**WHAT THE EXERCISE ASKS:** From the line containing "Bluzka dziewczęca hiszpanka" to the last line of the data below, copy everything exactly and nothing else; pictures stay out.

**DATASET SECTION:**
=== Begin Enclosure ===
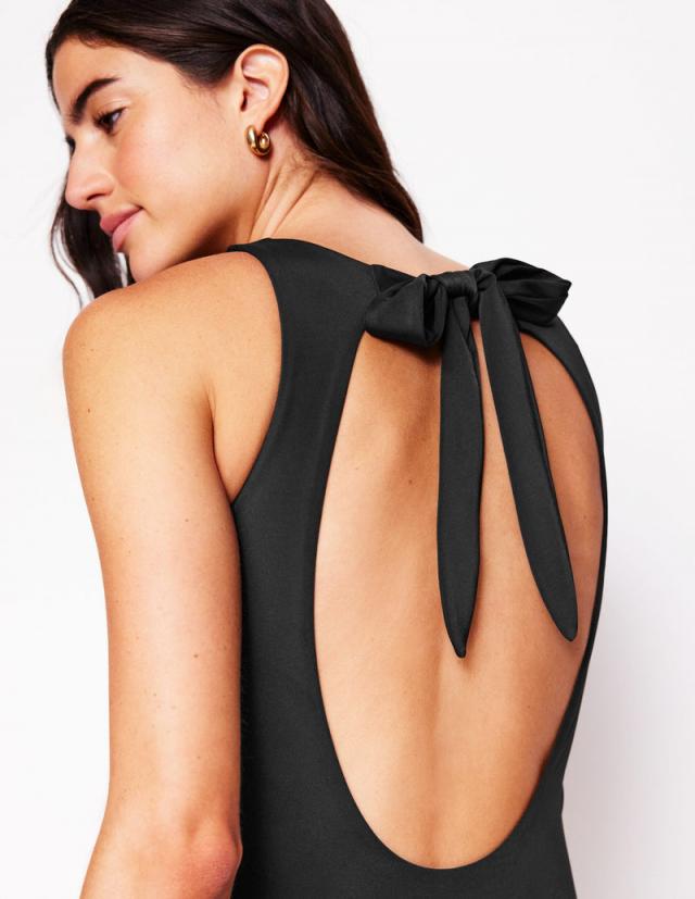 This slash neck tie swimsuit is speaks to active beach days and gives coverage in all the right places. The cut works perfectly as a backdrop for fun prints.less – Model is 5’9 wearing a size 6 – Main 80% polyamide 20% elastane, Cup 100% polyurethane, Lining 100% polyester – Machine washable – Lightly padded fixed cups for a smooth shape – This fabric passes testing to UPF50+, protection is only provided on areas covered by fabric, you should still wear SPF sunscreen. Protection may also be reduced when wet or stretched S0437-BLK
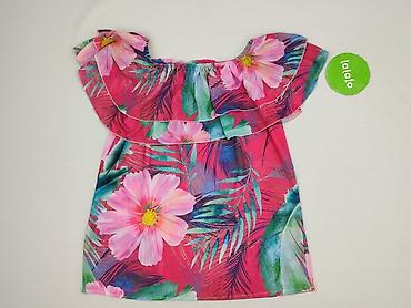 Bluzka dziewczęca hiszpanka z krótkim rękawem - Krój: hiszpanka – elastyczna, marszczona gumka wokół dekoltu pozwala nosić ramiona odkryte - Rękawy: krótkie, z falbaną - Dół: lekko ściągany gumką ...
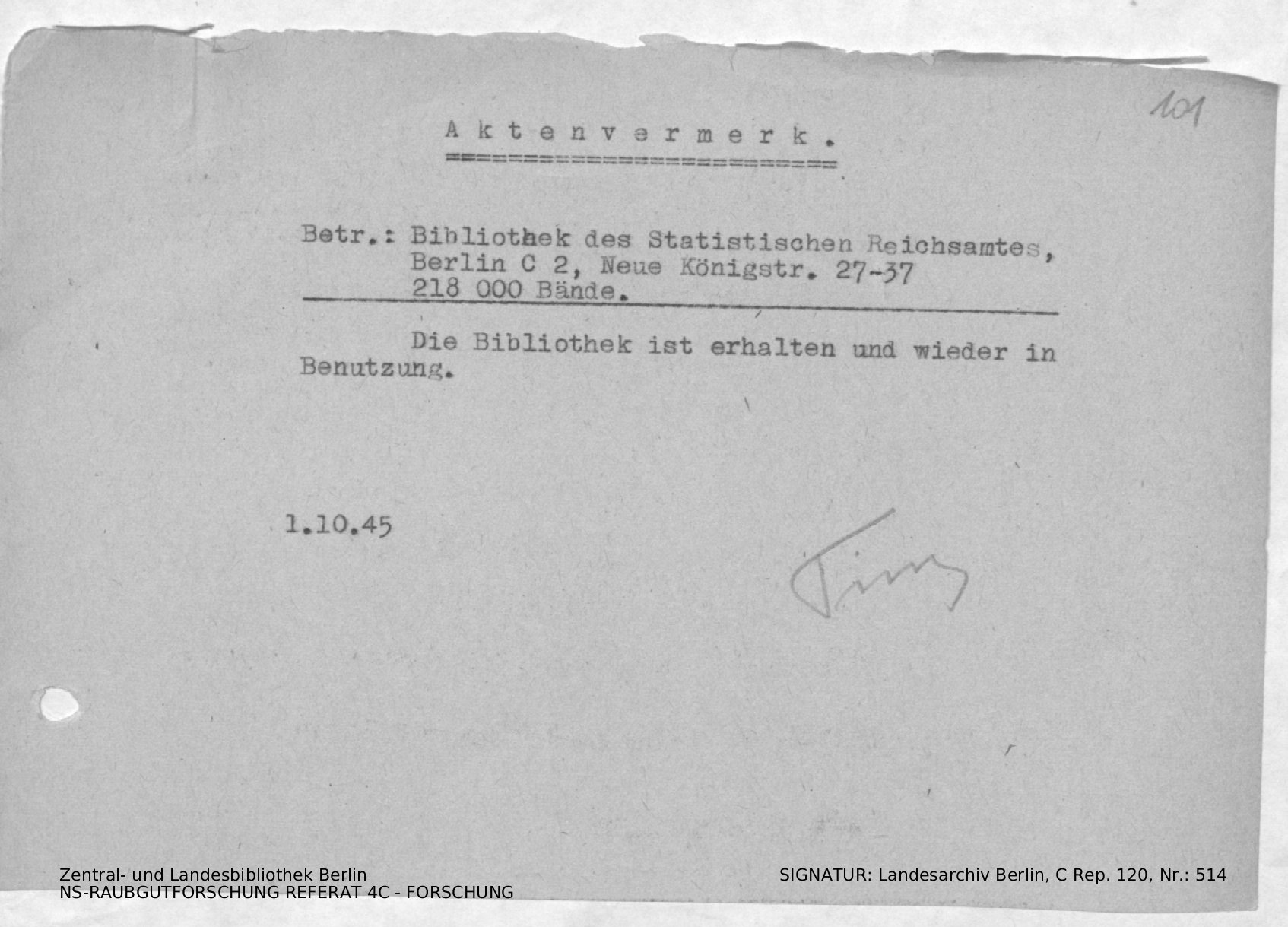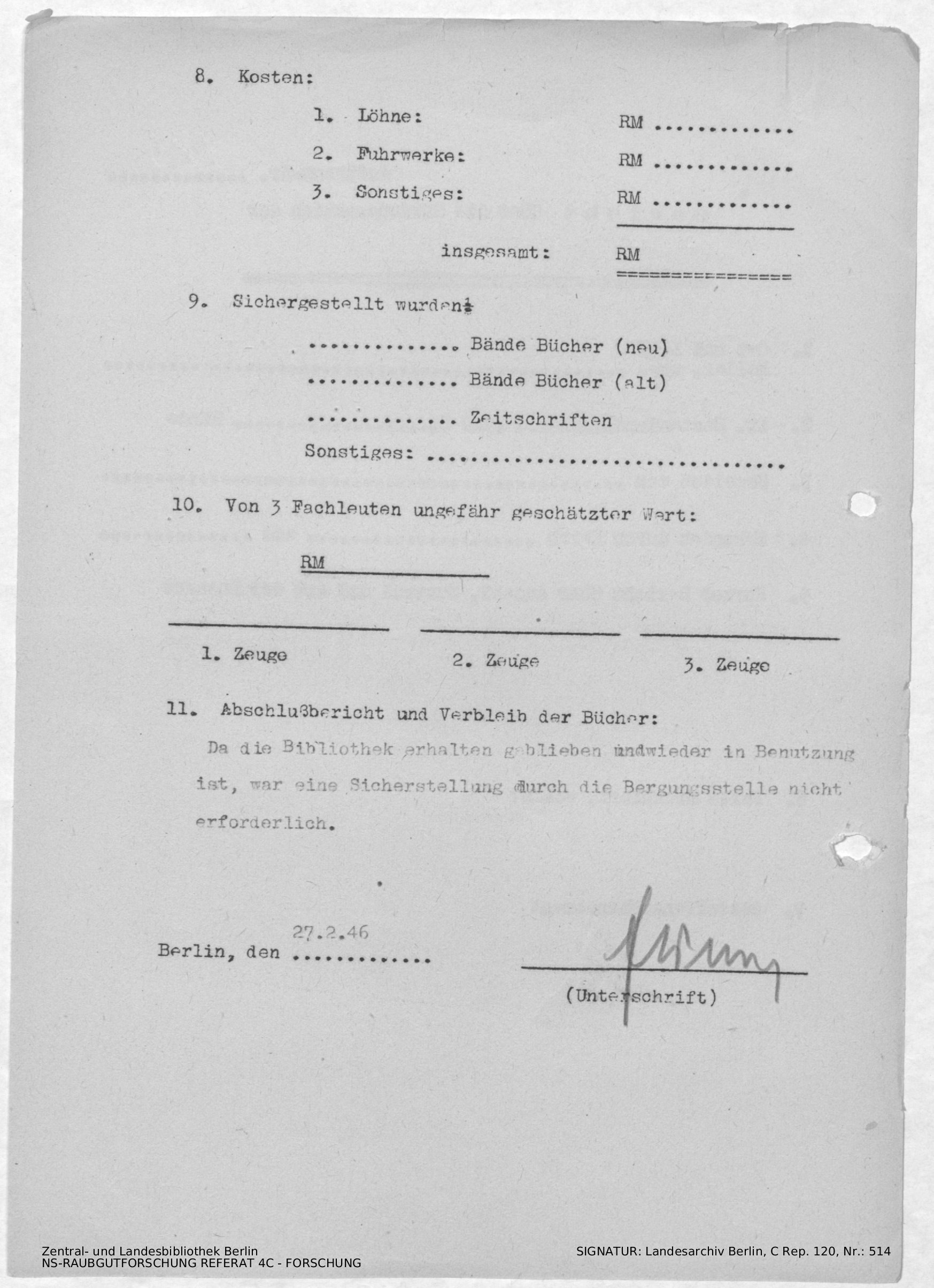 Bergungsnummer in ZLB gefunden
=== End Enclosure ===
**RESPONSE BOX:**
 Bluzka dziewczęca hiszpanka z krótkim rękawem - Krój: hiszpanka – elastyczna, marszczona gumka wokół dekoltu pozwala nosić ramiona odkryte - Rękawy: krótkie, z falbaną - Dół: lekko ściągany gumką ...
 Bergungsnummer in ZLB gefunden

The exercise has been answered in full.